Disclosures: I try not to let AI do my writing for me. I had Claude look this piece over once I was done with it — Claude, like a good editor, recommended a slightly more explicit look-ahead at the end, and urged me to say a bit more about Borges’ “Pierre Ménard,” both suggestions I was happy to take up.
See Borges’ essay “The Total Library,” anthologized in Selected Non-fictions (1999). Edited by Eliot Weinberger. New York: Viking
Martin Gardner, “Mathematical Games,” Scientific American, December 1974, pp. 132-136.
Brian Hayes, “Computer Recreations,” Scientific American, November 1983, pp. 18-28.
Hugh Kenner and Joseph O’Rourke, “A travesty generator for micros,” Byte, November 1984, pp. 129-131, 449-469
Current scholarship slants away from debating Shakespeare’s biological gender to arguing for their essential queerness.
Fascinating, all stuff completely unknown to me. Love the personal memories, the images from old magazines, etc. The magazines especially now seem so . . . bygone.
Three points:
1. In reaction to "As an example, consider the sequence of characters elephan_. What letters (in English) could occupy the blank spot? Only the letter t. From an information-theory perspective, that means that the letter t in that position adds no information to what we already knew. Its information content is effectively zero . . ."
Is that necessarily true? Think about some letters that might be used. From elephanx, one might infer that we were looking an effort to talk about this species in a non-binary way. Elephanz might imply something in a hip-hop direction.

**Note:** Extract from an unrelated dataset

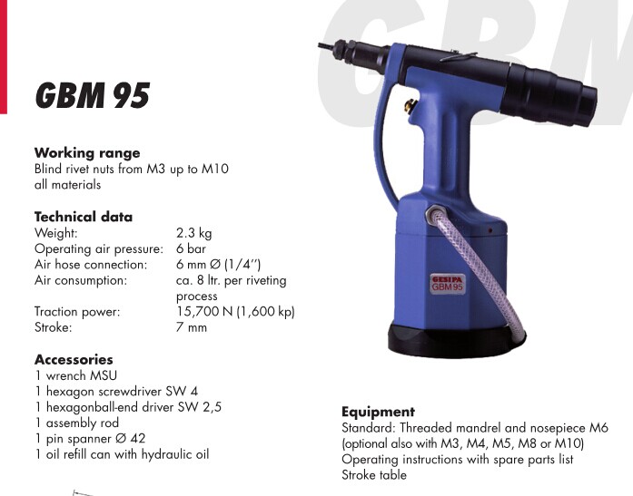 GBM95气动液压铆螺母工具 德国出品,质量保证! 有M6至M10可选.

Elephanh looks vaguely archaizing, elephanj exoticizing in a Persian direction--both, along with others, possibly evoking a fantasy-novelesque usage. (Remember Tolkien's "oliphaunt.") And so on.
Might some suggestion arise here of the difference between word-production, and word-play--with some of what that implies (please forgive me, or at least bear with me) of anti-capitalist, anti-modernist critique?
2. Speaking of word-play, I was struck by how much better I liked 2-gram Shakespeare than 2+n-gram Shakespeare. The first gave me such pleasure, I laughed out loud with delight. If a parodist (human or LLM) had written it, I would have thought, "this is absolutely brilliant, completely spot-on." (The random mention of "Diana" may be key: when writing Shakespeare, if in doubt, stick in a random classical deity.) But 3, 4, and 5 gram seemed . . . dreary? From them no pleasure did I take, anyway. 6-gram wasn't much better, but it did inspire me to think, "I need to read more Shakespeare!"
3. Do LLMs engage in play, word-play, or parody? From one who engages with these systems a lot, I get the sense they do, or can. I have never conversed with one. The idea makes me nervous.